We now repeat this analyses but where we multiply the values of the count variable, Epil$y, by 100. This is a somewhat arbitrary figure but as R’s glm() has no trouble with this it is not unreasonable to expect abn to also fit this model. Figure five shows that the internal code and INLA completely disagree on mlik values for this new data set.

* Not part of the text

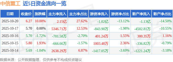 证券之星消息,截至2025年10月20日收盘,中信重工(601608)报收于6.27元,上涨10.0%,涨停,换手率2.78%,成交量126.66万手,成交额7.77亿元。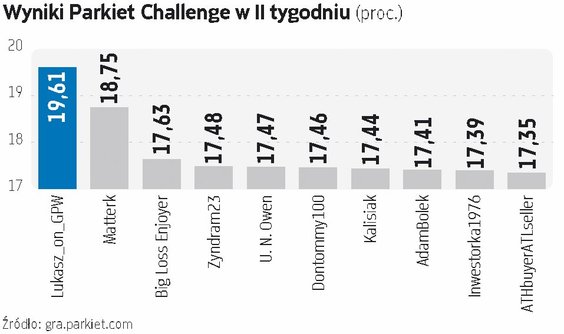 W czołówce gry nastąpiły spore przeszacowania. Obecnie liderem (po dwóch tygodniach) pierwszego etapu jest „AdamBolek” z 19-proc. stopą zwrotu. Drugi jest „Matrixss22”, który jak dotąd zarobił ponad 18 proc., a trzeci – „Czachon77”.

To examine more closely a possible reason for such a discrepancy we compare the parameter modes from glm(), internal code and INLA.
# 1. glm()
(Intercept)
6.715897
# 2. C
y(Intercept)
6.715897
# 3. INLA
y(Intercept)
78.62504
###########################################
################ bad= 2 ###################
# 1. glm()
(Intercept) Trt1
6.75464572 0.07508706
# 2. C
y(Intercept) yTrt
6.75464565 0.07508699
# 3. INLA
y(Intercept) yTrt
81.002154 4.572519
###########################################
################ bad= 3 ###################
# 1. glm()
(Intercept) Age
6.71286815 0.07831446
# 2. C
y(Intercept) yAge
6.71286812 0.07831447
# 3. INLA
y(Intercept) yAge
78.628716 6.708889
###########################################
################ bad= 4 ###################
# 1. glm()
(Intercept) Trt1 Age
6.76040114 0.09251375 0.08347222
# 2. C
y(Intercept) yTrt yAge
6.76040107 0.09251368 0.08347222
# 3. INLA
y(Intercept) yTrt yAge
81.832478 6.162349 7.056603
###########################################
In each case above the modes estimated from INLA are completely different – and therefore assumed incorrect – compared to glm(). The internal code is virtually identical to glm(). This suggests that the internal code is reliable. In terms of INLA, as with the above case studies, INLA can give very misleading results but which seems to be possible to identify fairly easily by comparing its modes with either the internal code or glm().